Question

If force $F=(500-100t)$ , then impulse as a function of time will be:
A) $500t-50{{t}^{2}}$
B) $50t-10$
C) $50-{{t}^{2}}$
D) $100{{t}^{2}}$

Answer 1

A force is any interaction that, when unopposed, will change the motion of an object. A force can change the state of rest or the state of motion of an object. We generally conceive force in the form of a push or a pull.
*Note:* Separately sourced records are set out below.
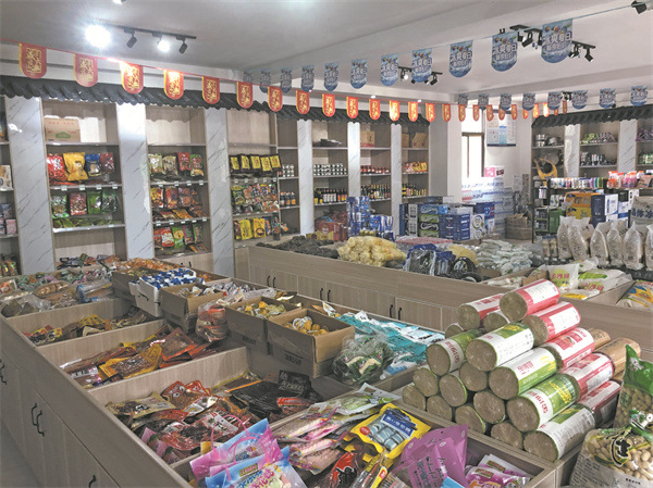 在仙女湖鎮竹子社區,5棟嶄新的樓房特別顯眼,道路兩旁栽滿香樟樹和桂花樹,每隔一段距離就放置有一個垃圾桶,路面既整潔又干凈。樓下一層全是門面,主要是開設超市和電商,超市里面整齊擺放著米、油、紙、礦泉水等各種生活用品,村民購買必需的生活物資變得極其方便。
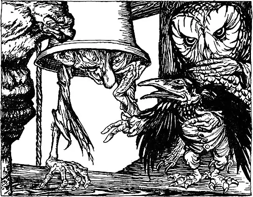 Since his discovery of the contents of the basket, Trotty had been standing looking at her—and had been speaking too—in an abstracted manner, which showed that though she was the object of his thoughts and eyes, to the exclusion even of tripe, he neither saw nor thought about her as she was at that moment, but had before him some imaginary rough sketch or drama of her future life. Roused, now, by her cheerful summons, he shook off a melancholy shake of the head which was just coming upon him, and trotted to her side. As he was stooping to sit down, the Chimes rang.
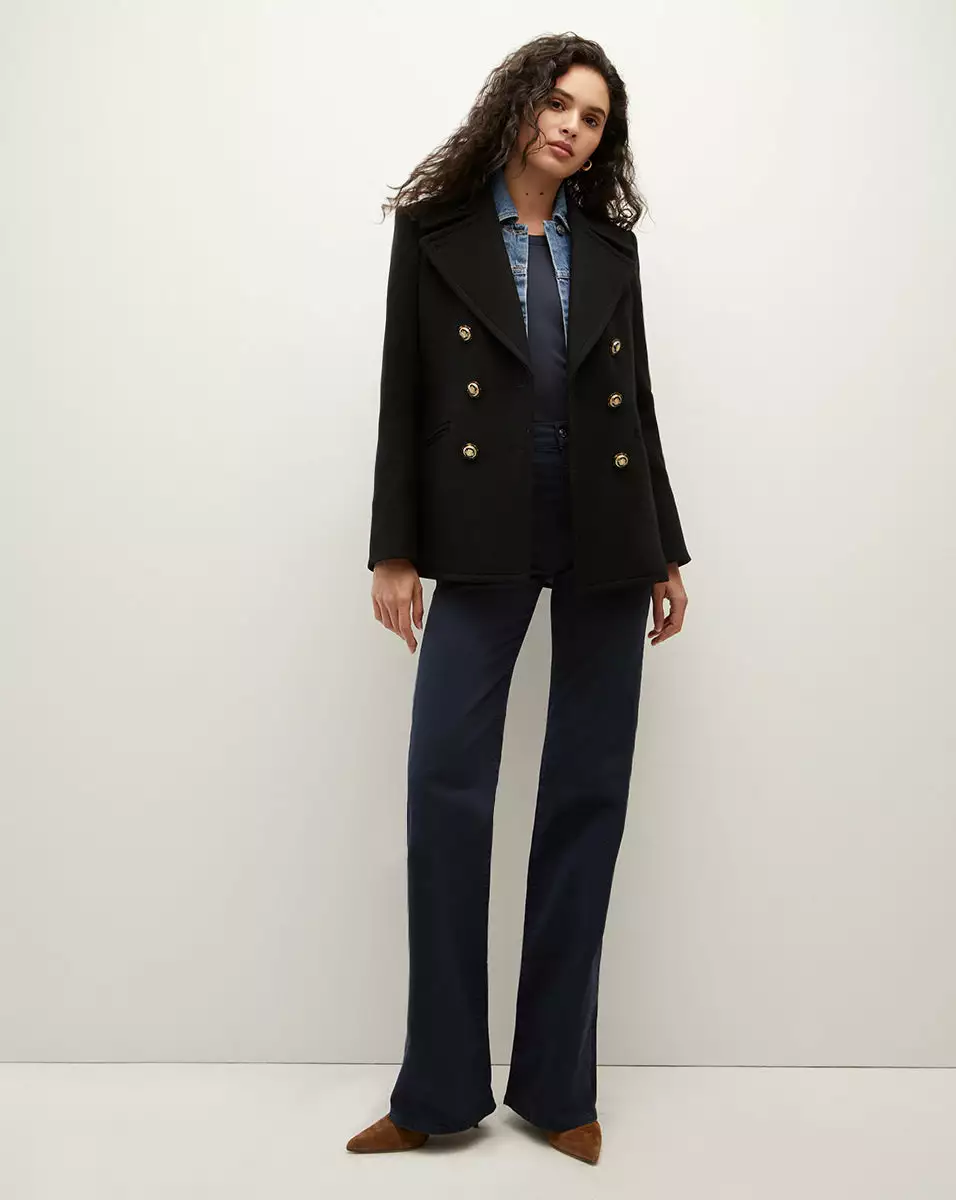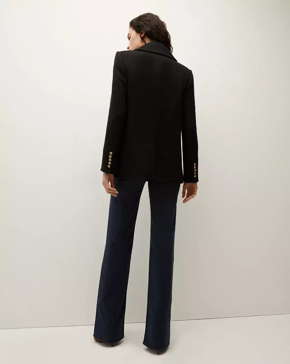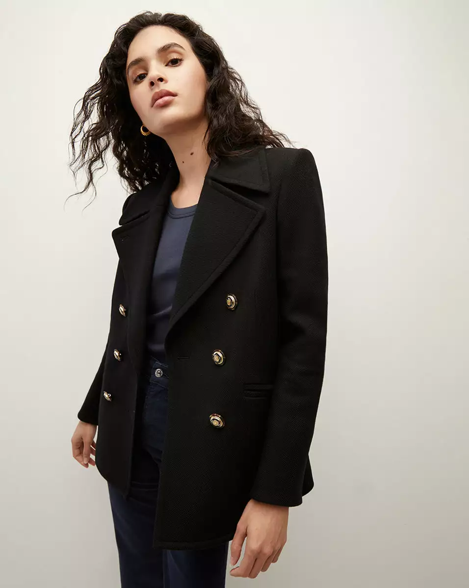 Our take on the classic peacoat, the Amira is crafted from a transitional luxury wool-twill blend. It’s relaxed yet sleek, giving you a streamlined shape while still allowing layering. Detailed with our signature gold crest buttons, it will be worn on repeat thanks to its timeless design. Plus, it’s dickey compatible, allowing you to change up its look with ease. The perfect dose of casual sophistication to fold into your everyday look—throw it over any and every outfit.
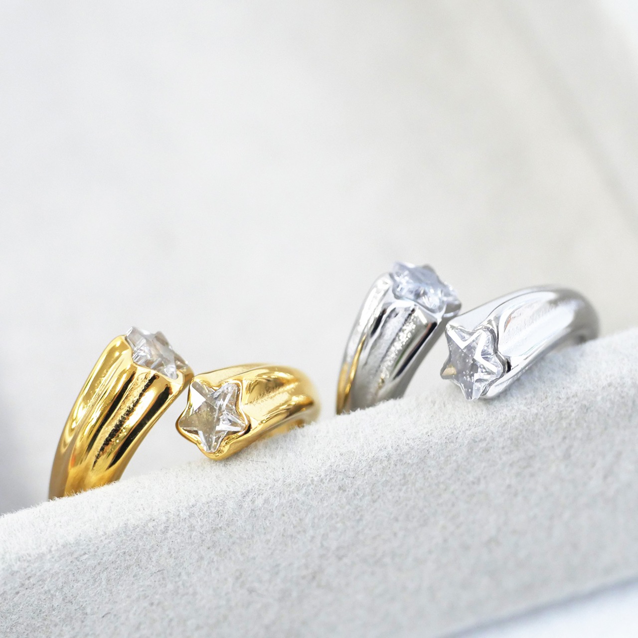 #サージカルステンレス #ステンレスリング #オープンリング #スターリング #星モチーフ #ダブルストーンリング #ゴールドリング #シルバーリング #金属アレルギー対応 #AtelierBEcudes #ギフトにおすすめ
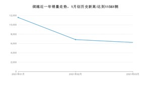 2021年3月,缤越销量为6221辆,同比增长47.07%,环比下降8.9%。1-3月份,缤越销量为24611辆,同比增长49.56%。在最近1年中,缤越销量在2021年01月达到最高,销量为11561辆。
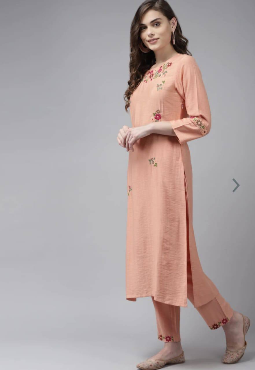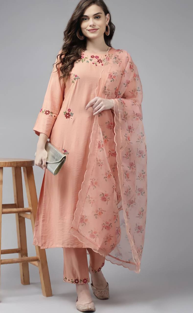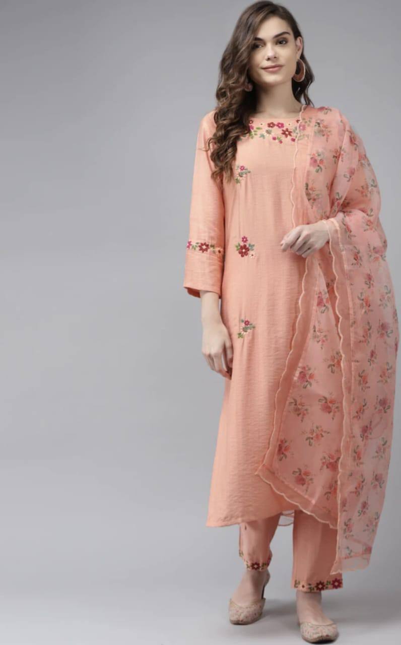 Rayon Slub Peach Embroidery Kurta Set With Printed Dupatta Set
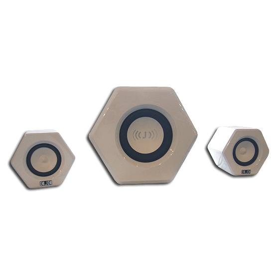 The featured item is a set of speakers. They come in a special hexagon shape with a glossy finish. The set includes 3 speakers in total, a larger main speaker and 2 side speakers.
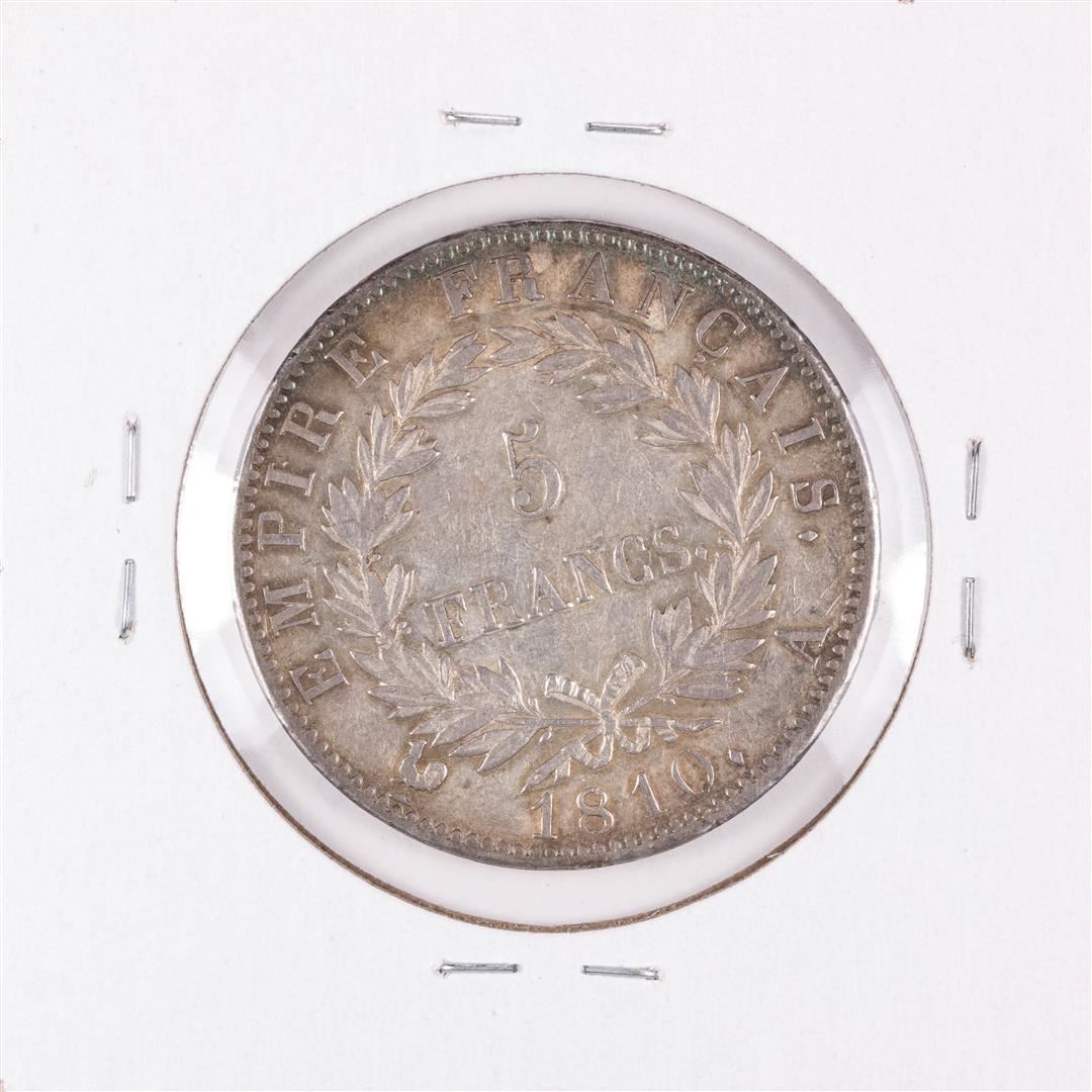 One 1810 France 5 Francs Napoleon Silver Coin.
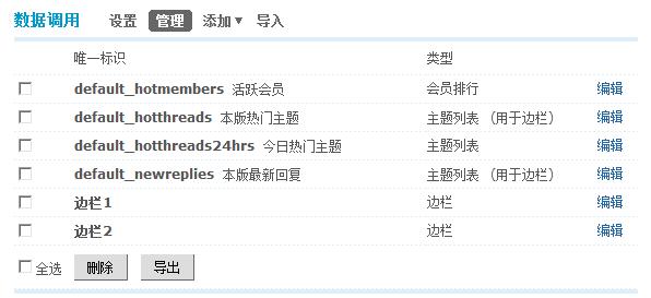 如上图,我们用自定义类型把本版热门主题和本版最新回复聚合成了一个调用。通过如此方法,我们可以用自定义类型设计一个首页 n 格。然后把设计好的内容导出分享给其他人,其他人只要导入到后台,在 discuz.htm 中添加上内部调用代码即可显示出来了。
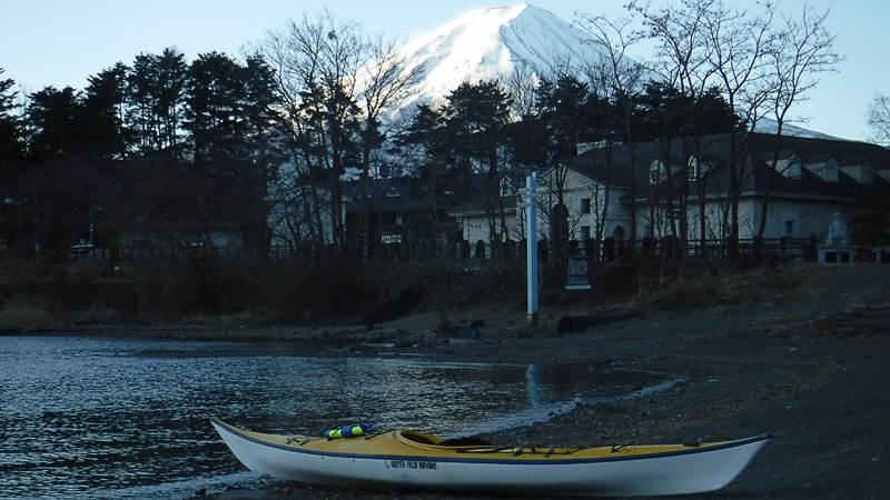 Headed to one of Mt. Fuji’s Five Lakes during Presidents Day Weekend and kayaked Lake Kawaguchi. Went for an early morning paddle across the entire lake… it was a cold, crisp and very windy trip at times. During gusts, I could barely maintain ground while paddling my hardest. The lake spray also built up a layer of ice on my kayak, paddle and jacket.
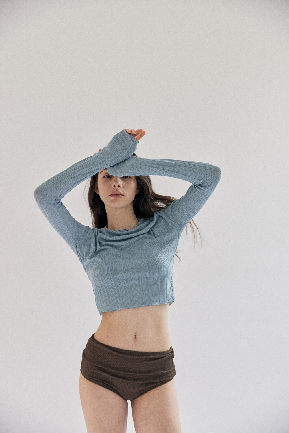 양쪽 허릿단에 슬릿이 있으며 소매 기장을 길게 제작하였습니다.
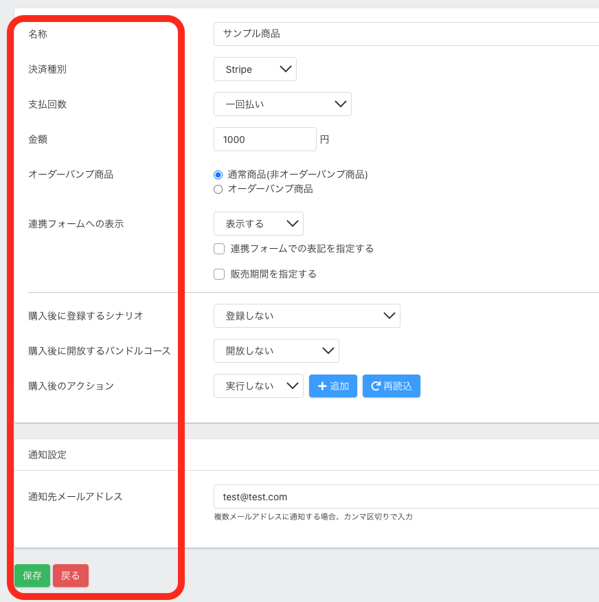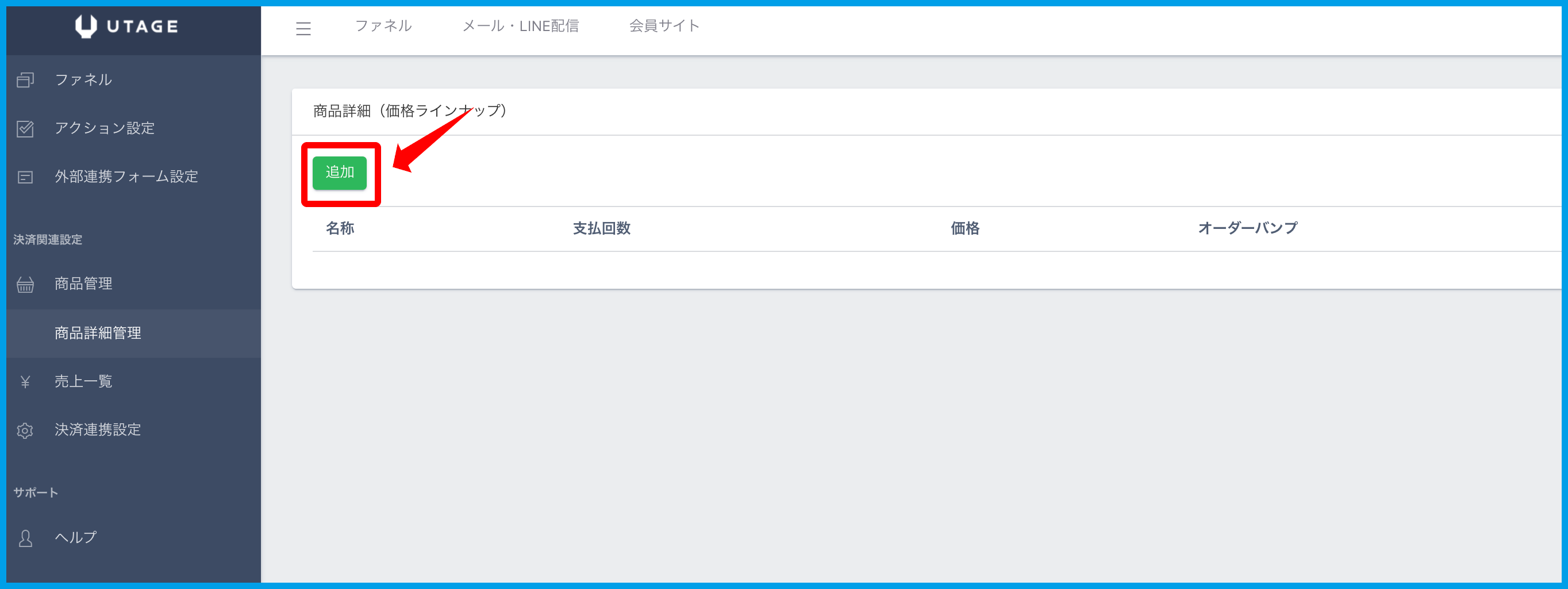 【ファネル】機能のページにて商品販売をする場合には設定が必要です。
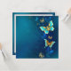 Ouro voador, borboleta de joias em fundo textural azul. Design com borboletas.
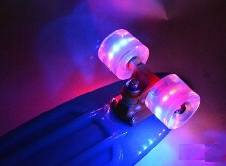Доска оснащена колесами, которые загораются при движении скейтборда! Для их освещения не требуются батарейки, поскольку они работают по принципу генерации магнитной энергии, которая генерируется при вращении колес.
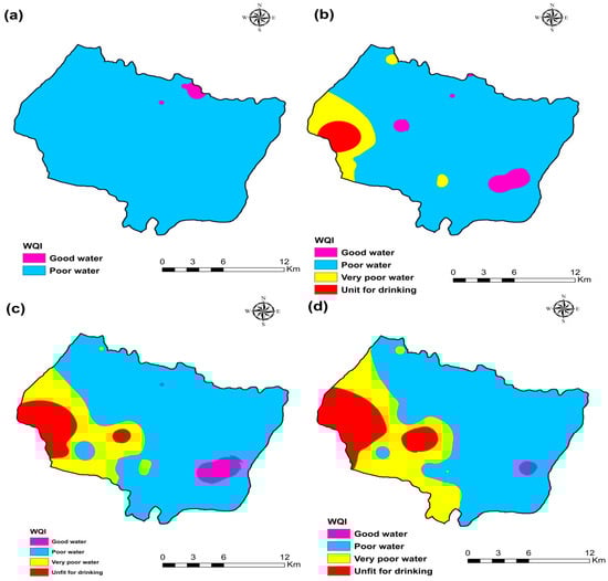Water quality index (WQI) map of the four campaigns (a) 2009, (b) 2017, (c) 2018, and (d) 2019.
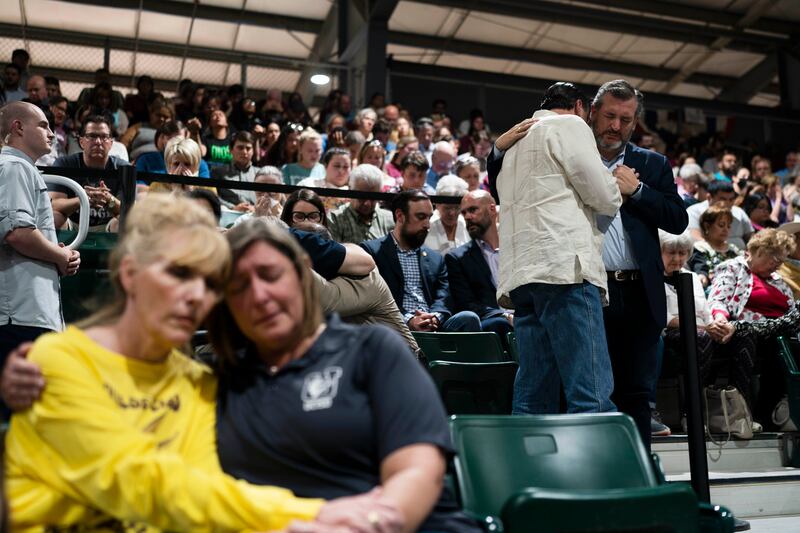 “You may cry because our hearts are broken,” Pastor Tony Gruben told the audience, according to KHOU-TV.

Impulse is created when a force acts on a body for a small period.

Formula Used:
$F=\dfrac{dP}{dt}$ and $\int{dP}=\int{Fdt}$

Complete step by step solution:
In classical physics, the impulse is the integral of a force $F$ , over a time interval $t$ .
Mathematically we can say that $F=\dfrac{dP}{dt}$ where $dP$ is the change in impulse over an infinitesimal time interval $dt$ .
Taking the denominator to the left-hand side, we can say that $dP=Fdt$
Now, integrating both sides, we can say that $\int{dP}=\int{Fdt}$
Substituting the values, we can express the relation as $\int{dP}=\int{(500-100t)dt}$
Solving this integration, we get $P=500t-100\left( \dfrac{{{t}^{2}}}{2} \right)+c$
Simplifying the above result, we can say that $P=500t-50{{t}^{2}}+c$ , where $c$ is the Integration constant
Initially, that is, at the time $t=0$ force $F=500$
Since force is constant, the impulse must be $0$
Satisfying the above condition into the impulse expression obtained, we deduce that the value of Integration constant $c=0$.

Hence, option (A) is the correct answer.

Note: Alternatively, the impulse can be calculated by finding the change in the momentum of the object. Since force is equal to mass times acceleration and acceleration can be expressed as the rate of change of velocity with time. Through cross multiplication of the denominator, we get that force times the change in time is equal to mass times the change in velocity, that is, $F\Delta t=m\Delta v$ .